È l’altra faccia, quella meno rassicurante, del modello antipolitico che Berlusconi ha incarnato per vent’anni. Un’idea di democrazia incentrata sulle esigenze della «governabilità», nella convinzione che ogni contrappeso, ogni manifestazione di dissenso all’interno del governo o del partito sia un tradimento, una congiura, un complotto. Quando però l’intolleranza del capo mostra la sua faccia più brutale, incapace di tollerare persino la modestissima fronda finiana, la reazione di rigetto è inevitabile. Tanto più che a questo strapotere, che governa per quasi tutto il decennio, non si accompagnano risultati apprezzabili. La crisi, occultata dalla propaganda, morde la carne viva dell’Italia. Il bilancio del decennio, dal punto di vista economico e sociale, è una spaventosa stagnazione. E le prospettive per il futuro non sono migliori. Il modello politico-istituzionale incentrato sul capo carismatico mostra al tempo stesso i suoi inquietanti limiti democratici e la sua clamorosa inefficienza operativa. Dopo la scissione finiana e la risicata fiducia del 14 dicembre 2010, la tragedia si trasforma in farsa. Il governo del fare affonda in una palude di compromessi paralizzanti, con un corteo di leader improvvisati a capo di formazioni dai nomi improbabili.
I risultati dei referendum e delle amministrative di Milano e Napoli certificano la fine del berlusconismo.

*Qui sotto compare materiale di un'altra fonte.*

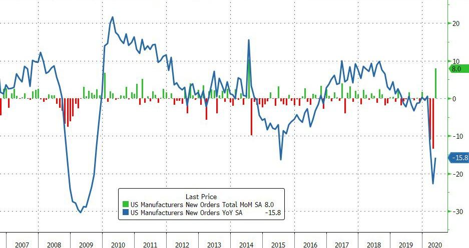ZeroHedge - Jul 2nd 2020 10:05am EDT Rebound In US Factory Orders Disappoints In May Tyler Durden Thu, 07/02/2020 – 10:05 Having collapsed in March and April, US factory orders were expected to surge higher in May as reopenings began. From a 13.0% plunge in April, May’s orders were expected to rebound 8.6% MoM but disappointed, printing +8.0% MoM. This is still […]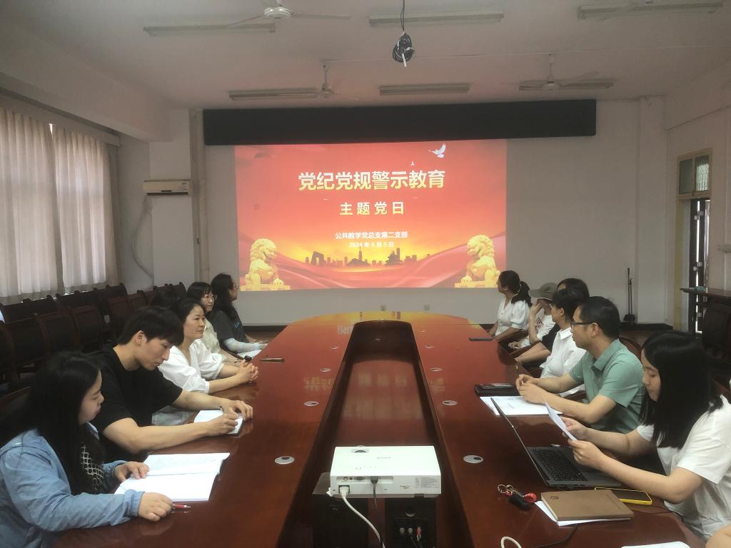 为进一步推动支部党纪学习教育,明确党员日常言行的衡量标尺,真正使学习党纪的过程成为增强纪律意识、提高党性修养的过程,6月5日,公共党总支教师第二党支部在崇文楼A501会议室开展了“党纪党规警示教育”主题党日活动,活动由党支部书记刘姗姗主持,教师第二支部全体党员参加了活动。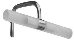 Описание: два матовых стеклянных плафона округлой формы, изящное хромированное крепление, галогеновая лампа.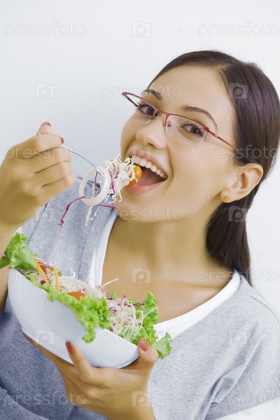 Женщина с овощным салатом
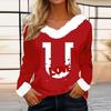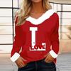 Женская футболка с принтом ко Дню святого Валентина, рубашка с длинными рукавами, шерстяной воротник, топ с V-образным вырезом и надписью «Любитель вечеринок»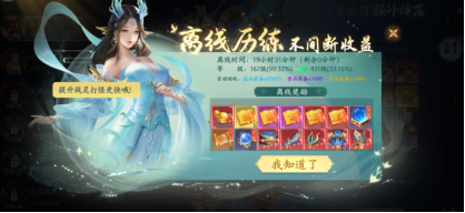 6、离线历练:离线期间会不断存储经验和道具待玩家上线领取,需要使用历练符咒来增加挂机时间。

Ma i meccanismi istituzionali e la stessa costituzione del partito personale-proprietario consentono al fantasma del leader di continuare a occupare la scena, pur non essendo più in grado di prendere alcuna decisione, come è ormai evidente a tutti, non solo in Italia.
Quando mercati finanziari e capi di governo europei presentano infine il conto, l’esperienza politica berlusconiana è giunta ormai a un tale grado di consunzione da non avere più nemmeno bisogno del colpo di grazia. Silvio Berlusconi non viene scacciato da una rivolta popolare, ma semplicemente rimosso dalla coscienza pubblica, come un peccato di gioventù. E questo forse è il motivo per cui oggi, mentre tutto il Paese paga il prezzo di quel peccato collettivo, le sue rare apparizioni televisive fanno più tenerezza che rabbia, come quei canali che la sera trasmettono ancora telefilm anni 80. Fa l’effetto di una vecchia puntata di Arnold, che magari abbiamo trovato esilarante in passato, ma che vista adesso, dopo pochi minuti di nostalgia, si rivela subito noiosissima.